### DESCRIPTION OF THE TASK
So that the copy stays text only, transcribe the data below exactly and exclude the images.

### RECORDS SHOWN
= = =

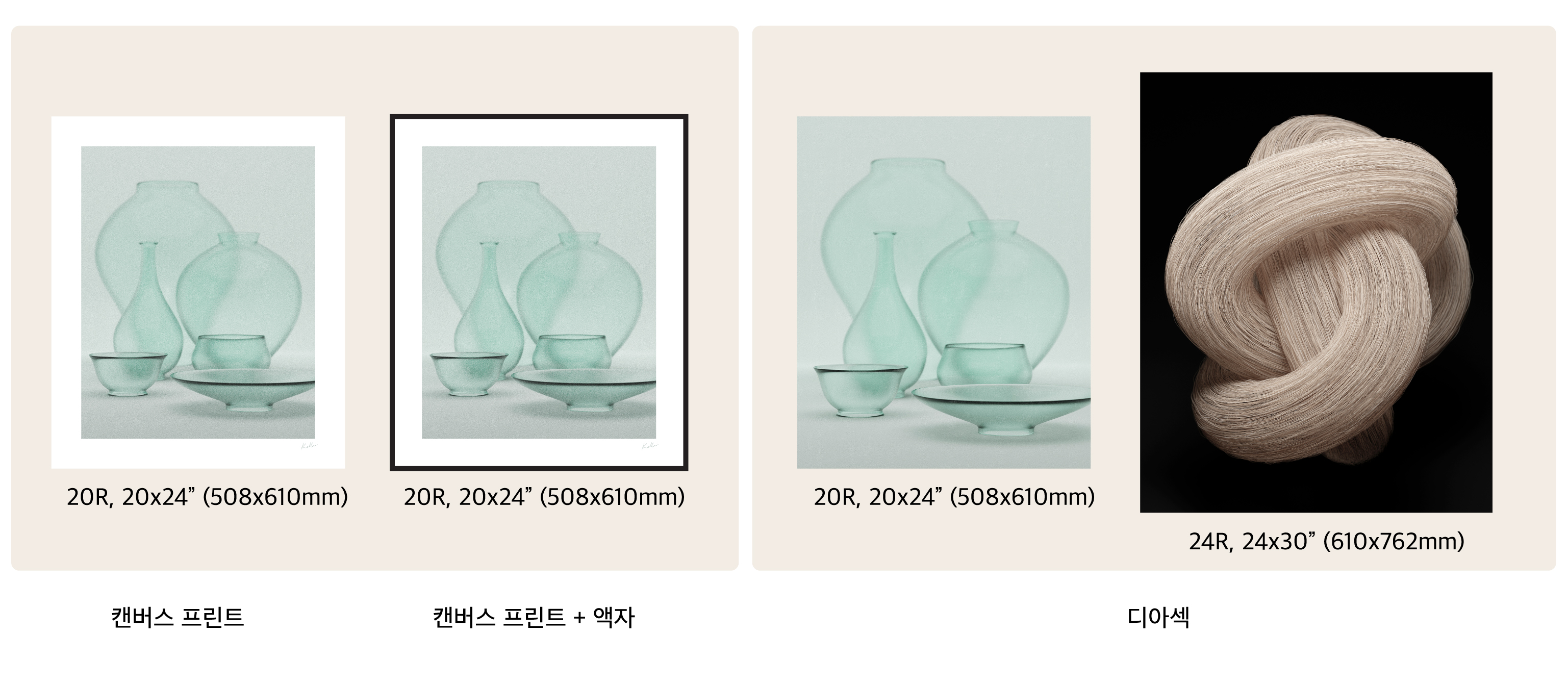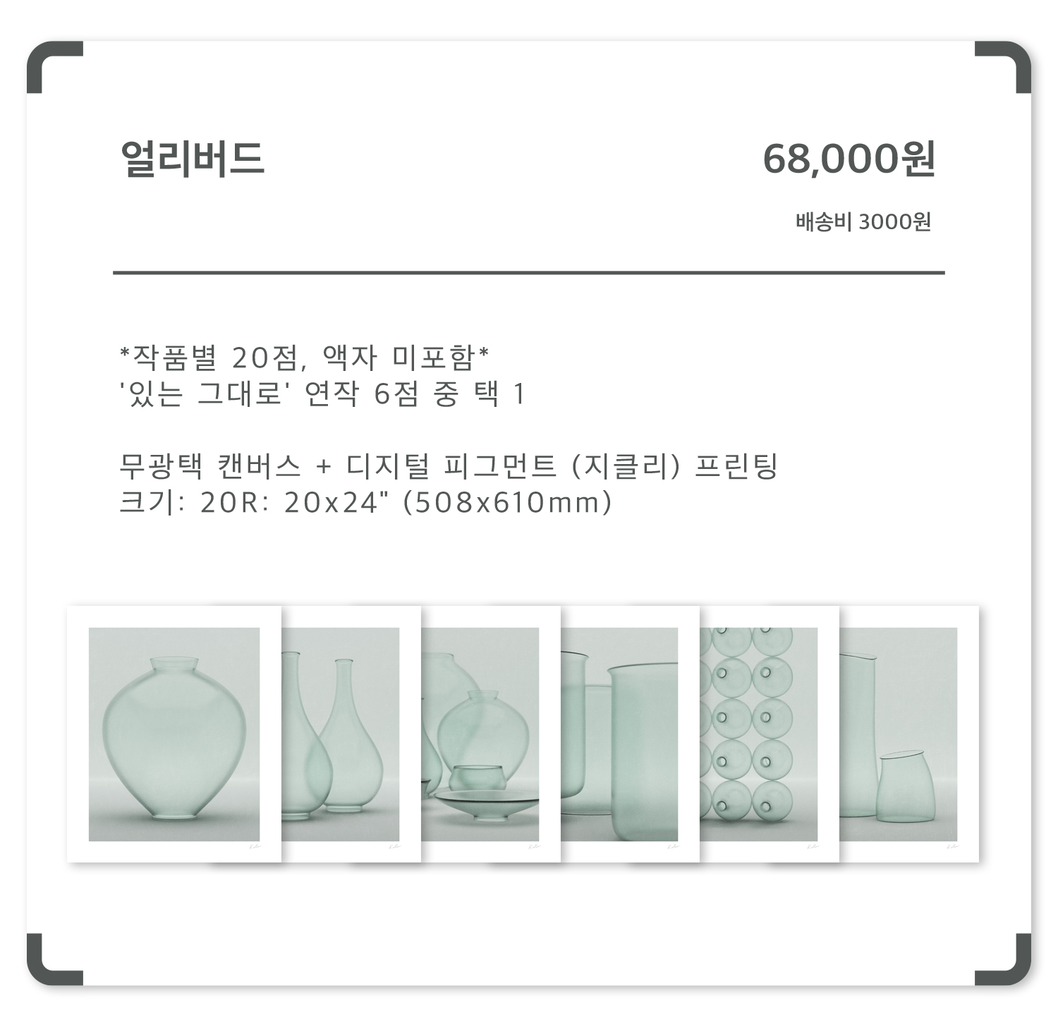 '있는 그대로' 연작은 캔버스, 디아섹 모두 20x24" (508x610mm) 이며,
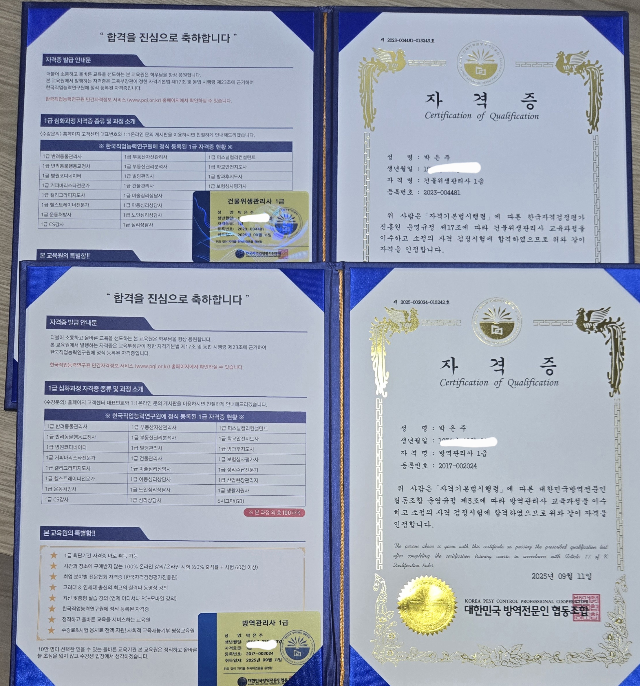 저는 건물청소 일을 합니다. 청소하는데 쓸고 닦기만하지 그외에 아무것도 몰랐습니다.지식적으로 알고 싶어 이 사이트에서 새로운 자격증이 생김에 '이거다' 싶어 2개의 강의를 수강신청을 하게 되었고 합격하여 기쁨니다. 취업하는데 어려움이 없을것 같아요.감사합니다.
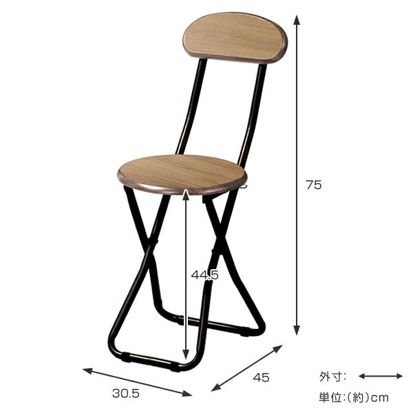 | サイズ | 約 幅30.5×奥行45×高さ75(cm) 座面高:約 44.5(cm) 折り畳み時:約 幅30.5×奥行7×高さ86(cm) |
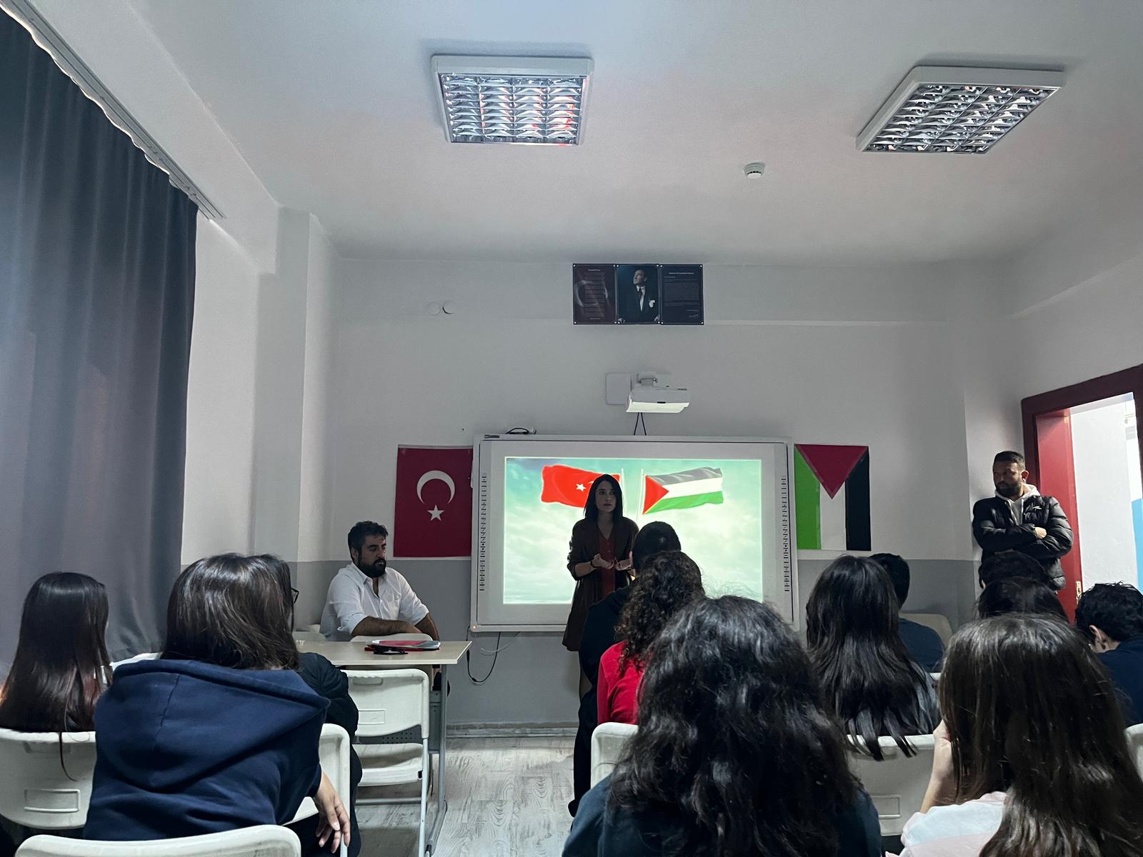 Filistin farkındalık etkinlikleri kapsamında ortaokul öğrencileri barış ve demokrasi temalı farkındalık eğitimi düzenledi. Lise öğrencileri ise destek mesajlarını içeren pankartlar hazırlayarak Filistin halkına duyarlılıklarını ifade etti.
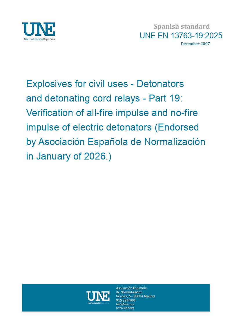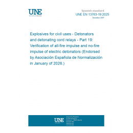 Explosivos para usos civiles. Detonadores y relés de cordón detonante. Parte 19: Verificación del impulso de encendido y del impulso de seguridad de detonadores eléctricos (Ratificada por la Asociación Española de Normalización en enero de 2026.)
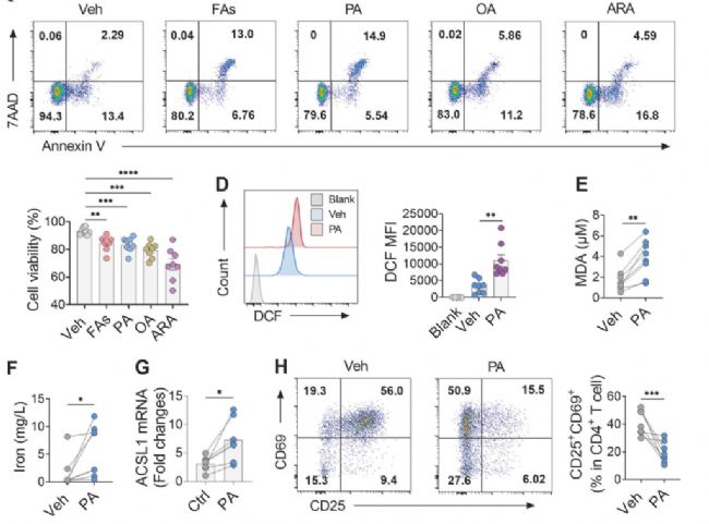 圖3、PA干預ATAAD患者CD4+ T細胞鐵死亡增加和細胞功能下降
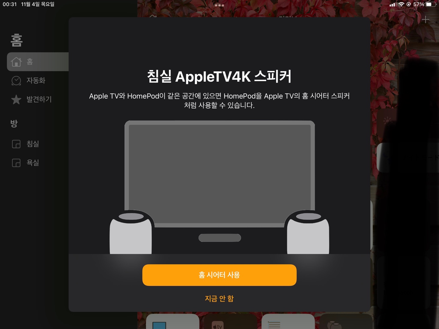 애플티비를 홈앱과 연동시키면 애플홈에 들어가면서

= = =

### RESPONSE AREA
 '있는 그대로' 연작은 캔버스, 디아섹 모두 20x24" (508x610mm) 이며,
 저는 건물청소 일을 합니다. 청소하는데 쓸고 닦기만하지 그외에 아무것도 몰랐습니다.지식적으로 알고 싶어 이 사이트에서 새로운 자격증이 생김에 '이거다' 싶어 2개의 강의를 수강신청을 하게 되었고 합격하여 기쁨니다. 취업하는데 어려움이 없을것 같아요.감사합니다.
 | サイズ | 約 幅30.5×奥行45×高さ75(cm) 座面高:約 44.5(cm) 折り畳み時:約 幅30.5×奥行7×高さ86(cm) |
 Filistin farkındalık etkinlikleri kapsamında ortaokul öğrencileri barış ve demokrasi temalı farkındalık eğitimi düzenledi. Lise öğrencileri ise destek mesajlarını içeren pankartlar hazırlayarak Filistin halkına duyarlılıklarını ifade etti.
 Explosivos para usos civiles. Detonadores y relés de cordón detonante. Parte 19: Verificación del impulso de encendido y del impulso de seguridad de detonadores eléctricos (Ratificada por la Asociación Española de Normalización en enero de 2026.)
 圖3、PA干預ATAAD患者CD4+ T細胞鐵死亡增加和細胞功能下降
 애플티비를 홈앱과 연동시키면 애플홈에 들어가면서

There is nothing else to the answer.